Beat up three eggs with two ounces fresh butter or well washed salt butter. Add a teaspoonful cream or new milk. Put all in a saucepan and stir over the fire five minutes. When, it rises up, dish it immediately on toast.—Mrs.S.

Ham and Eggs.

Slice the ham rather thick. Fry in a hot pan. Before it becomes hard, take from the pan and lay in a dish over a vessel of hot water.

Let the pan remain on the fire, so as to keep the ham gravy hot, that it may cook the eggs nicely when dropped into it. Break the eggs carefully, drop them in whole, and do not let them touch each other. Cook a light brown, not allowing the yolks to get hard. Lay an egg on each slice of meat.—Mrs.S.T.

Ham and Egg Pudding. (A Spring Dish.)

6 eggs beaten very light.

A light pint of flour.

A pint of milk.

A small piece of butter.

Salt and pepper to the taste.

Sprinkle some slices of boiled ham (both fat and lean) with pepper, and lay them across a deep dish that has been greased.

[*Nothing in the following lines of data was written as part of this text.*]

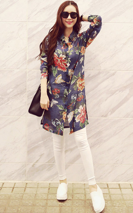 大花朵图案侧开叉中长款衬衫,面料柔软穿着舒适,搭配一条白色打底裤,休闲又时髦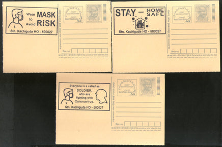 India 2020 3 Diff. COVID-19 Black Slogan Cancellation on Gandhi Post Card Mint # 16100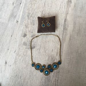 Statement Necklace/Earrings Sparkling Blue Set in rustic gold finish hardware. Excellent condition, worn once, and makes great statement pieces! Glows and shines!!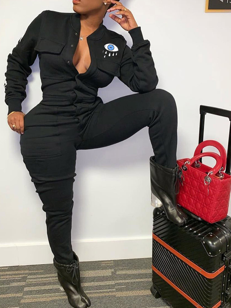 - Black Slim Casual Cartoon Cotton Blends Pattern Jumpsuit (Style V201349)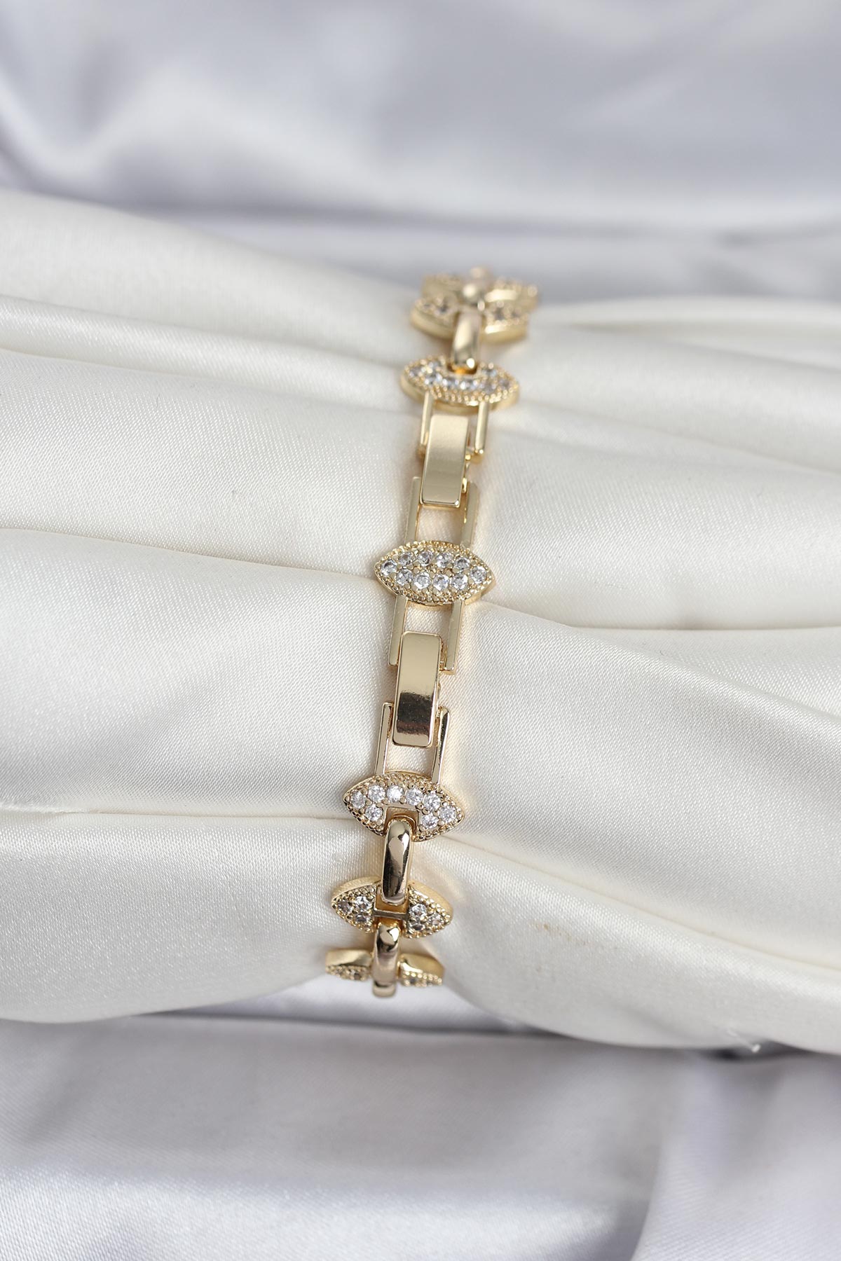 Pirinç Gold Renk Zirkon Taşlı Kadın Bileklik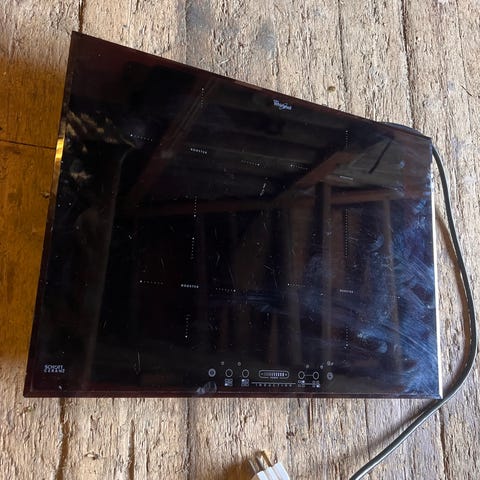 Gram induksjonstopp med fire kokesoner. Platetoppen har glatt glassoverflate og berøringsbetjening i front. Den er beregnet for innbygging i benkeplate over komfyr eller stekeovn, og tilkobles med vanlig støpsel som vist på bildet.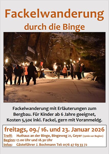 Die Fackeltour führt um und durch das Wahrzeichen der Stadt Geyer - die Binge. Gästeführer J. Bochmann erläutert den Bergbau im ehemaligen Geyersberg anhand von Bildern und Karten. Die Runde ist für Kinder ab 6 Jahre gut geeignet, Kosten 5,50€ , inkl.Fackel. Nach der Tour können Sie individuell den Abend im Huthaus (Tel. 037346 6524) bei guter erzgebirgischer Küche ausklingen lassen.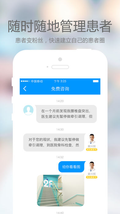 1.如果你是医生病患可通过图文、语音、视频方式在线问诊并发送之前病例档案记录便于病情诊断。病患预约订单实时更新,就诊记录病例便捷管理。用户通过二维码扫描关注医生,建立个人知名度。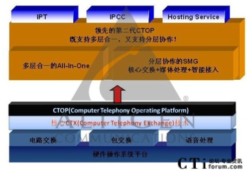 Telephony Operating Platform)平臺,在CTOP平臺設(shè)計(jì)中引入了核心交換、媒體處理與智能接入三層應(yīng)用架構(gòu)。在CTOP平臺上構(gòu)建呼叫中心系統(tǒng),既可兼容既有多層合一的All-In-One模式,也可采用分層協(xié)作的構(gòu)建模式,并適用于從小到大各種規(guī)模的呼叫中心!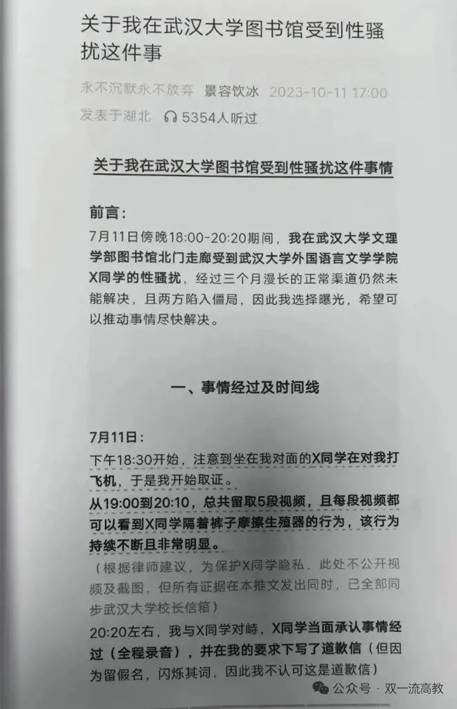 这场风波成为舆论焦点,始自2023年10月。彼时,杨某某认为自己在图书馆遭遇性骚扰,拍视频取证、要求肖某某写下道歉信后,杨某某将其举报到学校。根据女生举报帖,武大在10月10日通过辅导员告知其:学院对事件定性仍存疑,无法确定性骚扰。不满于学校的回复,杨某某于翌日在网上发帖陈述自己的遭遇。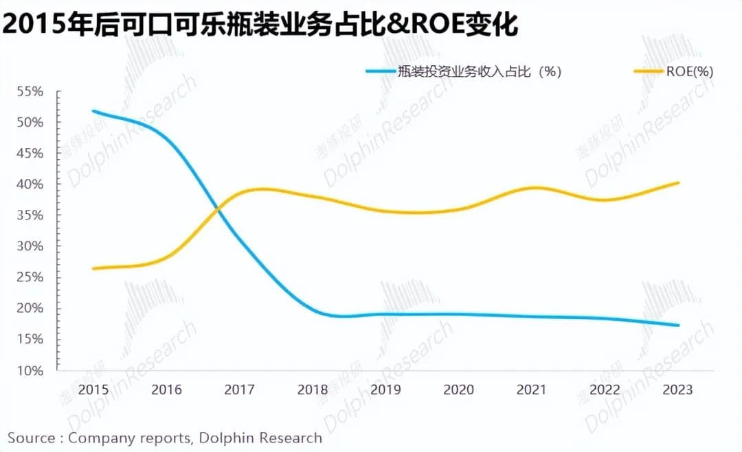 2006年可口可乐成立瓶装投资部门BIG(Bottling Investments Group)并继续收购表现不佳的瓶状厂并加以改造,确保其持续输出高质量产品。此阶段公司通过加强对瓶装厂的控制转为重资产运营模式,生产、销售流程得到优化,运营效率提升,但是大规模投资瓶装厂也带来个大问题——资本回报率大幅下滑,ROE 从原本的 40% 一路掉到 24% 左右。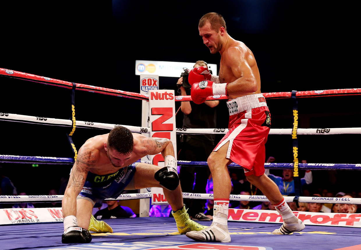 Cleverly’s gangly frame was twice sent sprawling to the canvas by Kovalev’s pinpoint timing and accuracy in the third round, and perhaps he would have been stopped but for a dubious intervention from referee Terry O’Connor on the bell.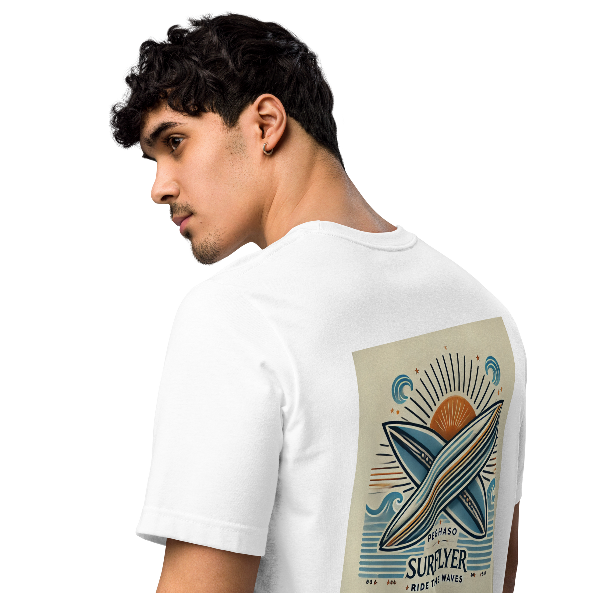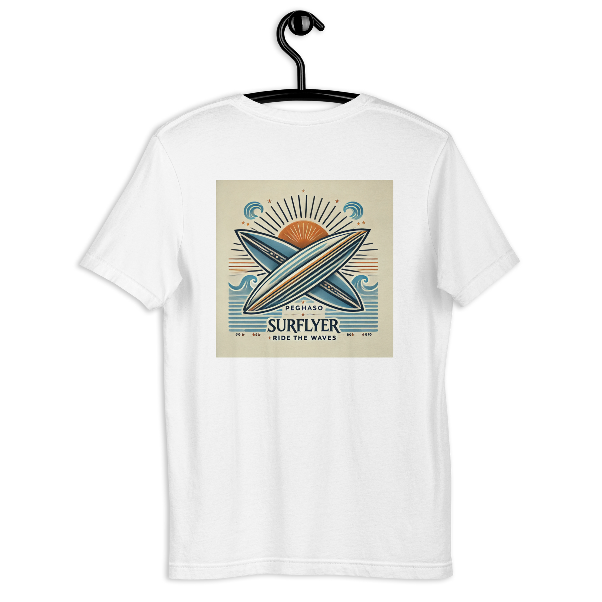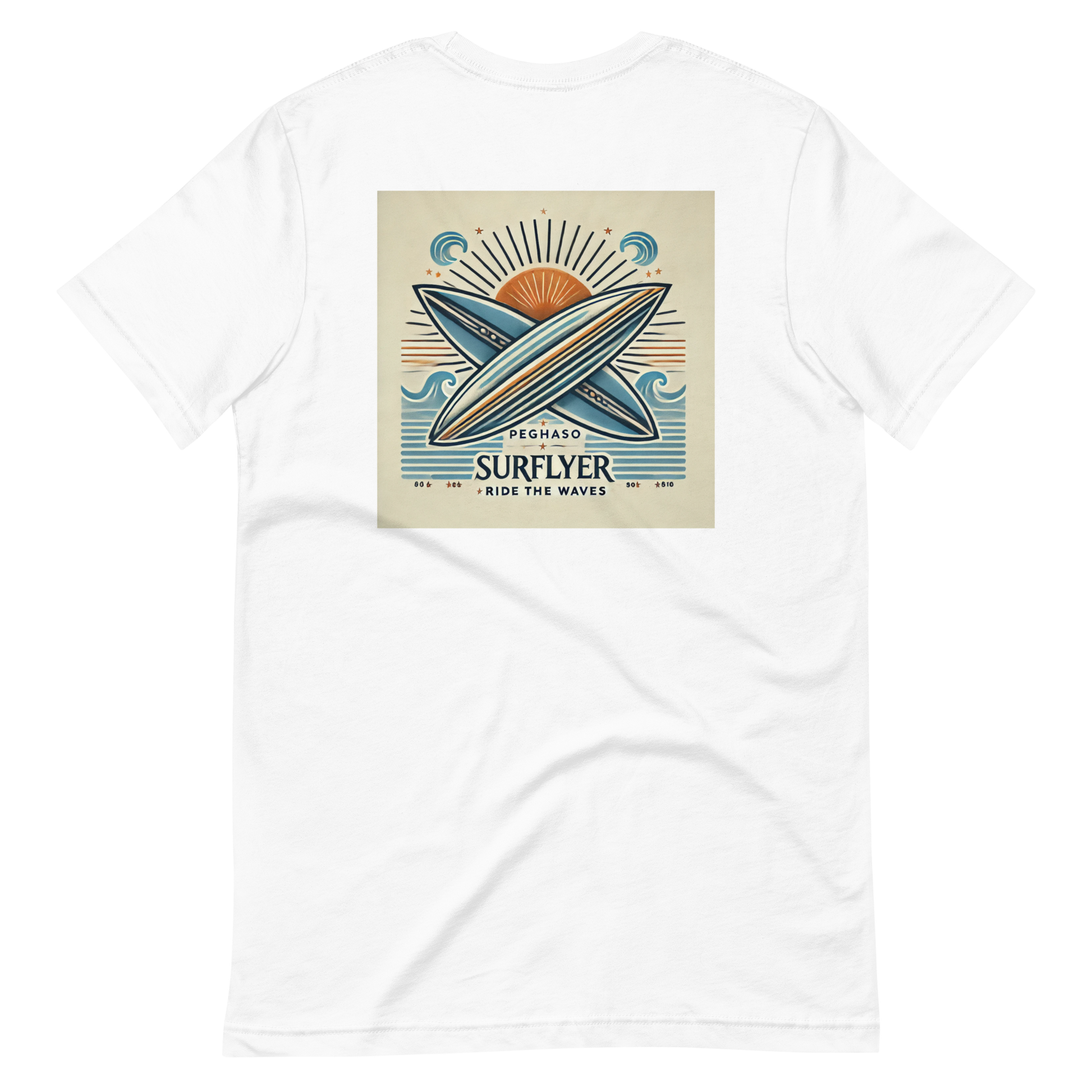 Lleva el espíritu del surf a donde vayas con la camiseta SURFLYER SURFBOARDS X de PEGHASO. Inspirada en la adrenalina de las olas y la libertad de los surfistas, esta prenda combina un diseño retro con un toque moderno, perfecta para los amantes del mar y el estilo urbano.

Then pour the pudding batter over the bacon and bake quickly. Mrs.V.P.M.

Eggs À la CrÊme.

Six eggs boiled hard and chopped fine, and stale bread. Put in a dish alternate layers of chopped egg and grated bread. When the dish is full, pour on one pint boiling milk seasoned with salt, pepper, and one tablespoonful butter. Bake a light brown.—MissN.

Baked Eggs for Dinner.

Have ready eight or ten hard-boiled eggs, a cup of light grated bread crumbs, butter, pepper and salt. Place in a buttered pudding dish a layer of sliced eggs, dotted with bits of butter, and sprinkled with salt and pepper; next a layer of bread crumbs, and so on to the top, being careful to let the top layer be of bread crumbs.—Mrs.A.M.D.

Egg Pie.

Take six hard-boiled eggs, slice, season with salt, pepper, and butter, bake in a paste, top and bottom.

Stuffed Eggs.

Boil six eggs very hard. Peel them, and after having sliced a bit off of each end to make them stand well, cut in halves and extract the yolks. Rub up the yolks with a pinch of pepper and salt, melted butter, bread crumbs, and finely chopped celery. Fill in the whites nicely, stand on end in the pan, lay bits of butter on each egg and bake.—Mrs.D.P.